Requirement ->
Produce word for word the lines of the data below running from the one that has "今回のアップデートでは、新イ" to the one that has "Plantilla única de", inclusive, and no others.

Entries supplied ->
######

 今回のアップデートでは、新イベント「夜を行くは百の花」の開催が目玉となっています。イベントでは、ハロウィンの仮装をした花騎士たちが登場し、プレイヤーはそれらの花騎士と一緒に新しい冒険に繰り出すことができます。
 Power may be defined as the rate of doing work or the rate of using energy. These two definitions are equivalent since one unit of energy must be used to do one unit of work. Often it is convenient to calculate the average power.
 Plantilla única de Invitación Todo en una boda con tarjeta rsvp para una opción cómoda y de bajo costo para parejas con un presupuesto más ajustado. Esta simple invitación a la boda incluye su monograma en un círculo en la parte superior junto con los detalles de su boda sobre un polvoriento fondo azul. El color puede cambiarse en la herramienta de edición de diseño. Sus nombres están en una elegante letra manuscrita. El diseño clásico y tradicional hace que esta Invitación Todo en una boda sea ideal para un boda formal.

######

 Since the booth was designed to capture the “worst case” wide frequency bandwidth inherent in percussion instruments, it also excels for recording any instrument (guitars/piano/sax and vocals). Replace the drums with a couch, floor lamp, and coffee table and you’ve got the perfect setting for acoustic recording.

######

Your response ->
 今回のアップデートでは、新イベント「夜を行くは百の花」の開催が目玉となっています。イベントでは、ハロウィンの仮装をした花騎士たちが登場し、プレイヤーはそれらの花騎士と一緒に新しい冒険に繰り出すことができます。
 Power may be defined as the rate of doing work or the rate of using energy. These two definitions are equivalent since one unit of energy must be used to do one unit of work. Often it is convenient to calculate the average power.
 Plantilla única de Invitación Todo en una boda con tarjeta rsvp para una opción cómoda y de bajo costo para parejas con un presupuesto más ajustado. Esta simple invitación a la boda incluye su monograma en un círculo en la parte superior junto con los detalles de su boda sobre un polvoriento fondo azul. El color puede cambiarse en la herramienta de edición de diseño. Sus nombres están en una elegante letra manuscrita. El diseño clásico y tradicional hace que esta Invitación Todo en una boda sea ideal para un boda formal.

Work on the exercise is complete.